Repeat these records exactly, pictures excluded.

==================================================

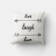 Throw this pillow on your sofa or bed for a reminder to live, laugh and love. Done in a black and white motive you are able to change the background colour to match your style needs and designs. Arrows accent the words going opposite directions.
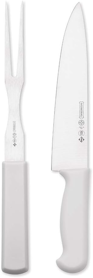 Este conjunto de duas peças é produzido com lâmina temperada em aço inox, que garante maior resistência, sem sofrer danos durante as afiações. O cabo, feito de resina termoplástica e polipropileno, é altamente resistente ao uso diário e oferece uma pegada firme e confortável. O conjunto inclui uma Faca para Carne de 8 polegadas, ideal para cortar carnes cruas, assadas e cozidas, e um Garfo de 7 polegadas, indicado para dar apoio ao alimento durante o corte, garantindo precisão e segurança.
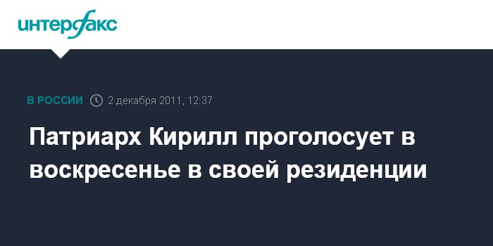 Москва. 4 декабря. INTERFAX.RU - Патриарх Московский и всея Руси Кирилл в воскресенье утром примет участие в парламентских выборах в своей резиденции в Чистом переулке в Москве.
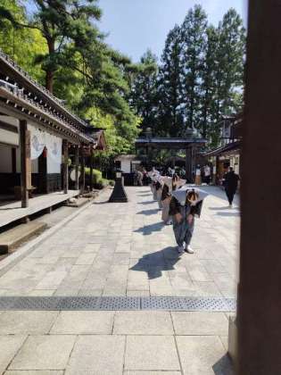 宿舎からバスに乗って、目的地「日光江戸村」に到着しました。
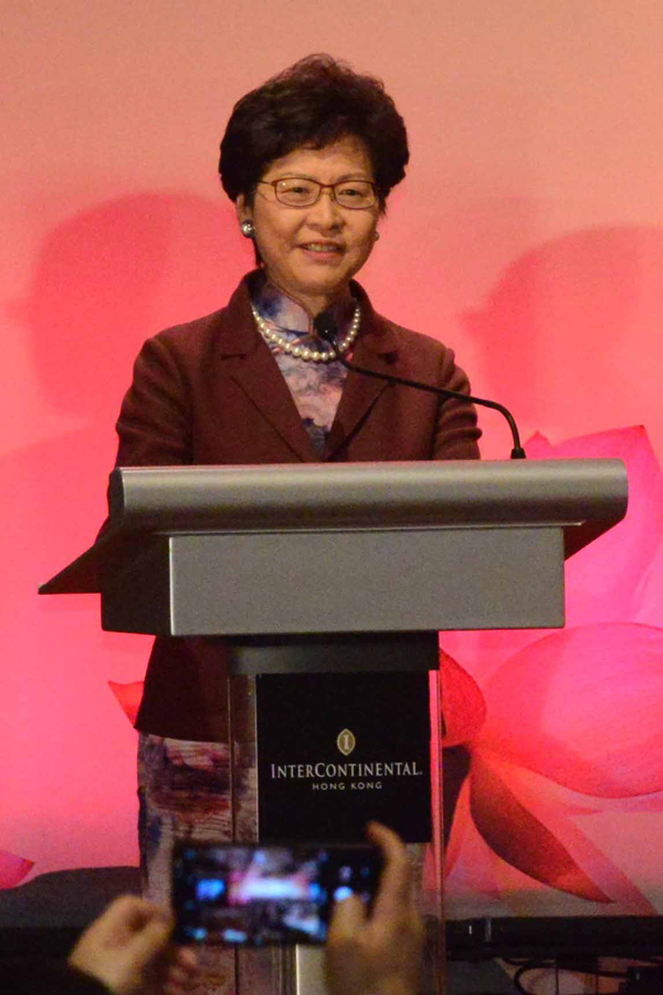 林鄭月娥在宴會上致辭表示,發展粵港澳大灣區已擁有「天時、地利、人和」,「天時」是指在剛過去的「兩會」,多位中央重要官員都提到了粵港澳大灣區的發展,可見國家對大灣區的重視程度;「地利」是指在未來12個月,包括港珠澳大橋、廣深港高鐵香港段,以及蓮塘口岸將相繼開通,往後大灣區內各城市的聯繫將會更緊密。
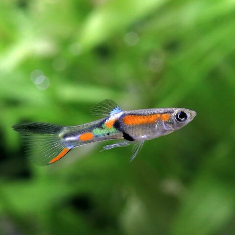 その鮮やかな色彩は非常に多くのパターンが知られ、コレクション性も十分といえるでしょう。 本タイプは2011年に採集されたカンポマ産のタイプの一つで、ティグレ川で採集されたと言われています。 鮮やかなグリーンからブルーの発色、黒いスポットとトップソードが特徴的で、他のエンドラーズに比べると精悍な雰囲気を持ちます。 各タイプごとに系統維持されており、鮮やかな体色は水草水槽に良く映え群泳させると非常に美しいです。飼育は普通のグッピーと同様で問題なく、低いpHへの適応力はグッピーより高いです。 |
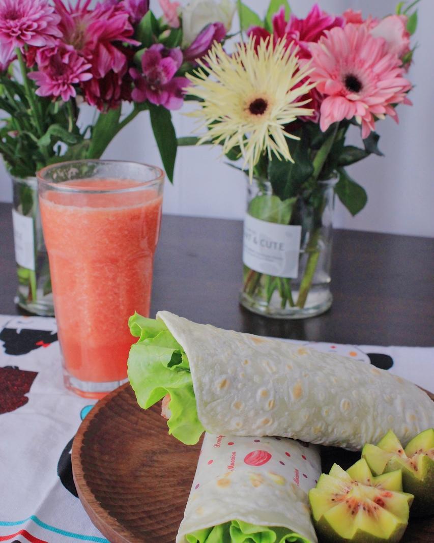 早安!牛油果鸡肉培根卷,西柚汁~~第一次做这种卷饼,做起来挺简单的,然后又美味,以后可以...
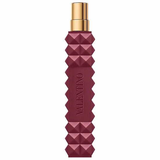 About the Bottle: The sleek block of glass reflects the light passing through the golden-hued scent, allowing a V-shape light to emerge. Square and notched on the sides, signature rock studs adorn the top and collar of the bottle for modern, edgy elegance. Reflective of the romantic women’s scent held within, the bottle is signed by a deep burgundy shade of red-a symbol of power and glamour.
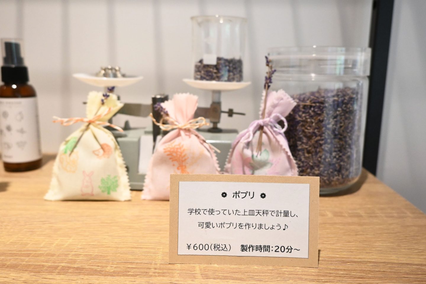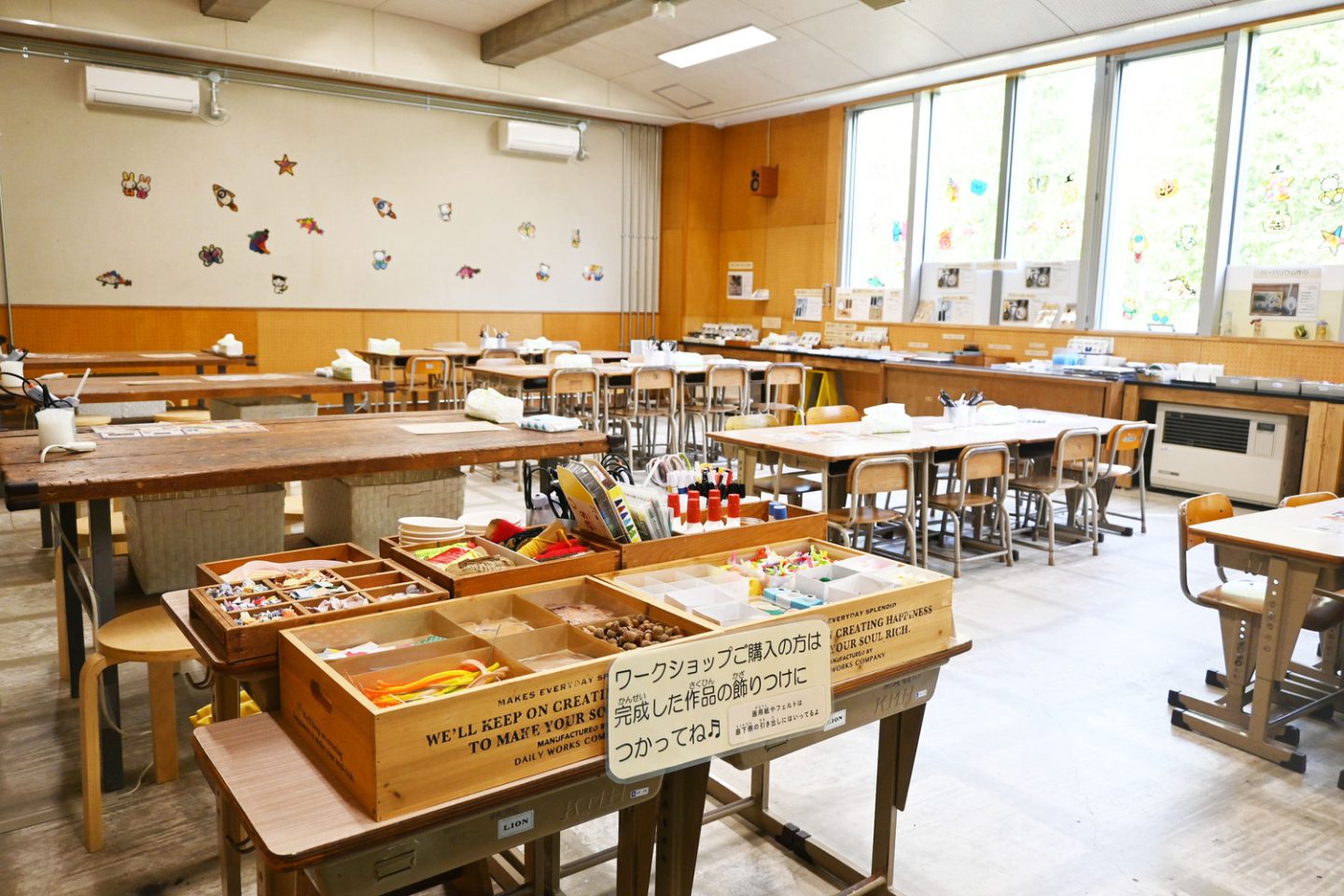 「森の工舎」の1階にある、教室をリノベーションしたワークショップ会場では様々なワークショップを毎日開催しています。希少な和ハッカなど、10種の精油から自分の好きな香りを選んで調合する、オリジナルアロマ作りや子どもが大好きなスライムやスノードーム作りなど、どれも楽しいものばかりです。
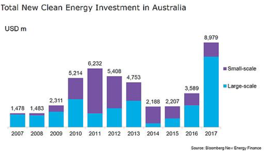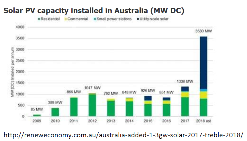 This picture may be understating the increase in small scale renewables, the installations of which are not capped and which seem to be showing an explosive growth. In 2017 installations increased by 60 per cent due to higher grid prices, lower costs and increased ARENA subsidies. 2018 installations are projected to show more than a doubling on those of 2017.
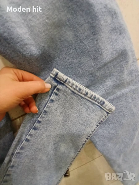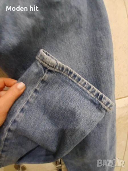 2. Цена 12 евро. Дънки Bershka. 100% памук. По етикет са размер EUR 40. Външно без следи от употреба. Дължина: 102,5 см., от чатала: 77,5 см. Колан: 42 см. Ханш: 52,5 см. Закопчаване с копчета.
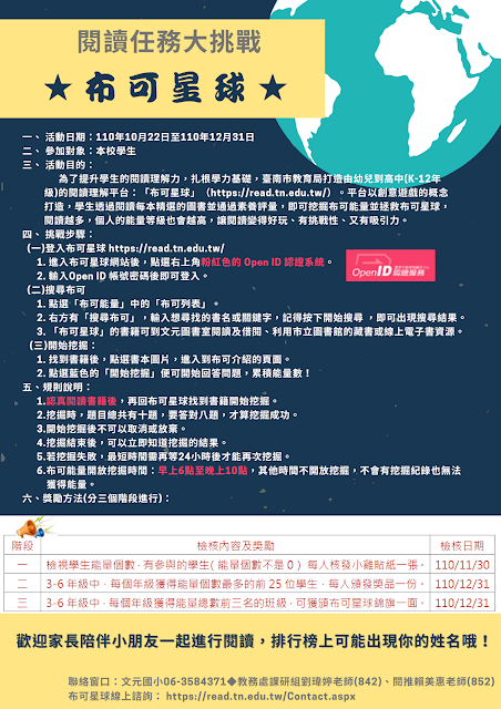 獎勵請詳閱學校公告,另外,圖書室也有設置布可星球專區(在舞臺),歡迎大家來借閱喔!
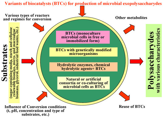 The choice of BTCs determines the variety of substrates and their possible concentrations for conversion to EPS. Most microbial cells used as BTCs are capable of converting simple sugars (mono- and disaccharides) into PS. These sugars can be obtained by hydrolysis of various renewable raw materials and biomass sources. Hydrolysis methods can be different, and various chemical agents and/or enzymes, including enzymatic complexes, can be used for these purposes [15,32,59,63,82,85].
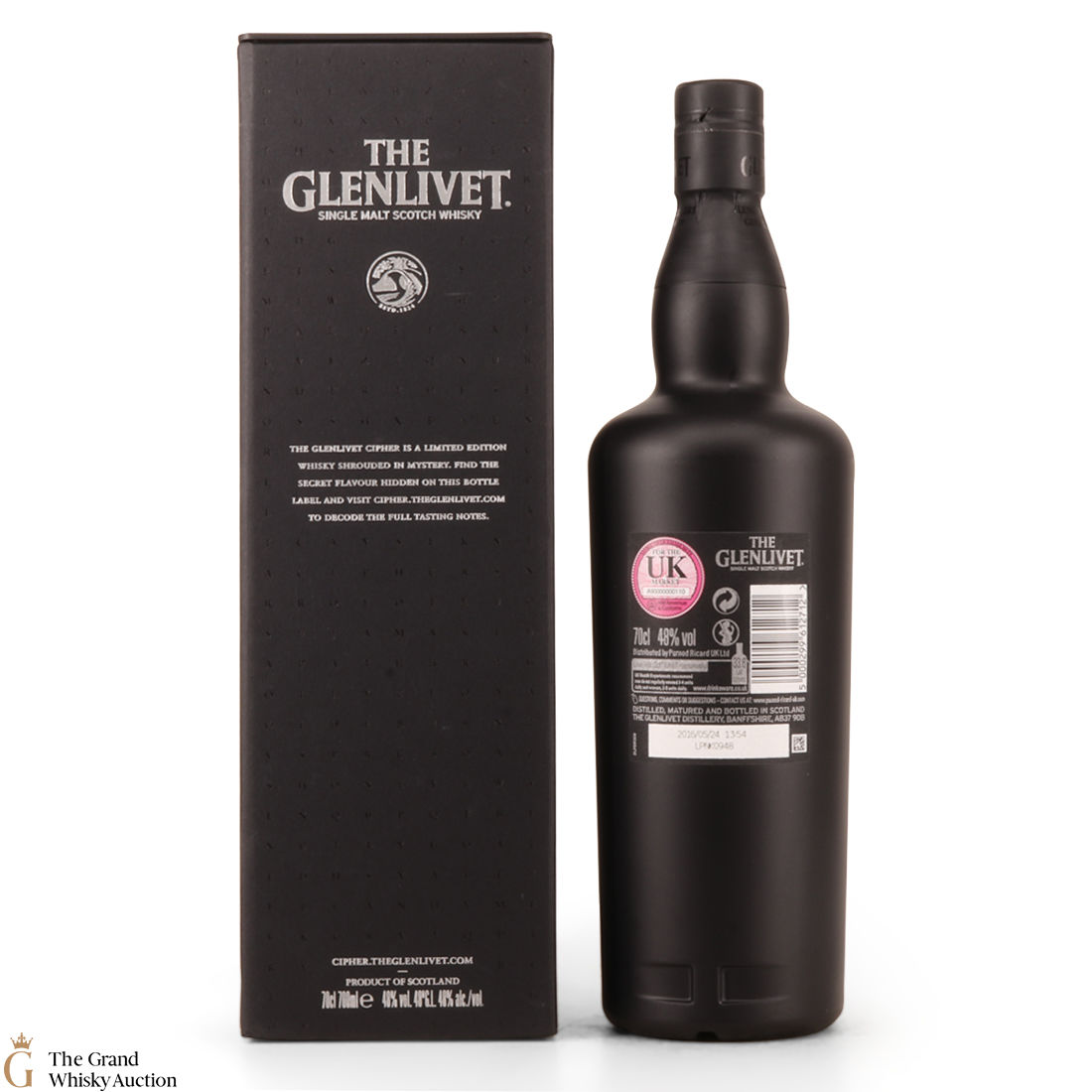 A limited-edition single malt whisky from The Glenlivet's Master Distiller, Alan Winchester. The Glenlivet Cipher comes in an opaque black bottle without cask information, tasting notes and age statement. This bottle is surrounded by mystery. You are encouraged to find the secret flavour hidden on the bottle label and visit the Cipher website for full tasting notes.

==================================================

(ANSWER TO THIS EXERCISE):
 Throw this pillow on your sofa or bed for a reminder to live, laugh and love. Done in a black and white motive you are able to change the background colour to match your style needs and designs. Arrows accent the words going opposite directions.
 Este conjunto de duas peças é produzido com lâmina temperada em aço inox, que garante maior resistência, sem sofrer danos durante as afiações. O cabo, feito de resina termoplástica e polipropileno, é altamente resistente ao uso diário e oferece uma pegada firme e confortável. O conjunto inclui uma Faca para Carne de 8 polegadas, ideal para cortar carnes cruas, assadas e cozidas, e um Garfo de 7 polegadas, indicado para dar apoio ao alimento durante o corte, garantindo precisão e segurança.
 Москва. 4 декабря. INTERFAX.RU - Патриарх Московский и всея Руси Кирилл в воскресенье утром примет участие в парламентских выборах в своей резиденции в Чистом переулке в Москве.
 宿舎からバスに乗って、目的地「日光江戸村」に到着しました。
 林鄭月娥在宴會上致辭表示,發展粵港澳大灣區已擁有「天時、地利、人和」,「天時」是指在剛過去的「兩會」,多位中央重要官員都提到了粵港澳大灣區的發展,可見國家對大灣區的重視程度;「地利」是指在未來12個月,包括港珠澳大橋、廣深港高鐵香港段,以及蓮塘口岸將相繼開通,往後大灣區內各城市的聯繫將會更緊密。
 その鮮やかな色彩は非常に多くのパターンが知られ、コレクション性も十分といえるでしょう。 本タイプは2011年に採集されたカンポマ産のタイプの一つで、ティグレ川で採集されたと言われています。 鮮やかなグリーンからブルーの発色、黒いスポットとトップソードが特徴的で、他のエンドラーズに比べると精悍な雰囲気を持ちます。 各タイプごとに系統維持されており、鮮やかな体色は水草水槽に良く映え群泳させると非常に美しいです。飼育は普通のグッピーと同様で問題なく、低いpHへの適応力はグッピーより高いです。 |
 早安!牛油果鸡肉培根卷,西柚汁~~第一次做这种卷饼,做起来挺简单的,然后又美味,以后可以...
 About the Bottle: The sleek block of glass reflects the light passing through the golden-hued scent, allowing a V-shape light to emerge. Square and notched on the sides, signature rock studs adorn the top and collar of the bottle for modern, edgy elegance. Reflective of the romantic women’s scent held within, the bottle is signed by a deep burgundy shade of red-a symbol of power and glamour.
 「森の工舎」の1階にある、教室をリノベーションしたワークショップ会場では様々なワークショップを毎日開催しています。希少な和ハッカなど、10種の精油から自分の好きな香りを選んで調合する、オリジナルアロマ作りや子どもが大好きなスライムやスノードーム作りなど、どれも楽しいものばかりです。
 This picture may be understating the increase in small scale renewables, the installations of which are not capped and which seem to be showing an explosive growth. In 2017 installations increased by 60 per cent due to higher grid prices, lower costs and increased ARENA subsidies. 2018 installations are projected to show more than a doubling on those of 2017.
 2. Цена 12 евро. Дънки Bershka. 100% памук. По етикет са размер EUR 40. Външно без следи от употреба. Дължина: 102,5 см., от чатала: 77,5 см. Колан: 42 см. Ханш: 52,5 см. Закопчаване с копчета.
 獎勵請詳閱學校公告,另外,圖書室也有設置布可星球專區(在舞臺),歡迎大家來借閱喔!
 The choice of BTCs determines the variety of substrates and their possible concentrations for conversion to EPS. Most microbial cells used as BTCs are capable of converting simple sugars (mono- and disaccharides) into PS. These sugars can be obtained by hydrolysis of various renewable raw materials and biomass sources. Hydrolysis methods can be different, and various chemical agents and/or enzymes, including enzymatic complexes, can be used for these purposes [15,32,59,63,82,85].
 A limited-edition single malt whisky from The Glenlivet's Master Distiller, Alan Winchester. The Glenlivet Cipher comes in an opaque black bottle without cask information, tasting notes and age statement. This bottle is surrounded by mystery. You are encouraged to find the secret flavour hidden on the bottle label and visit the Cipher website for full tasting notes.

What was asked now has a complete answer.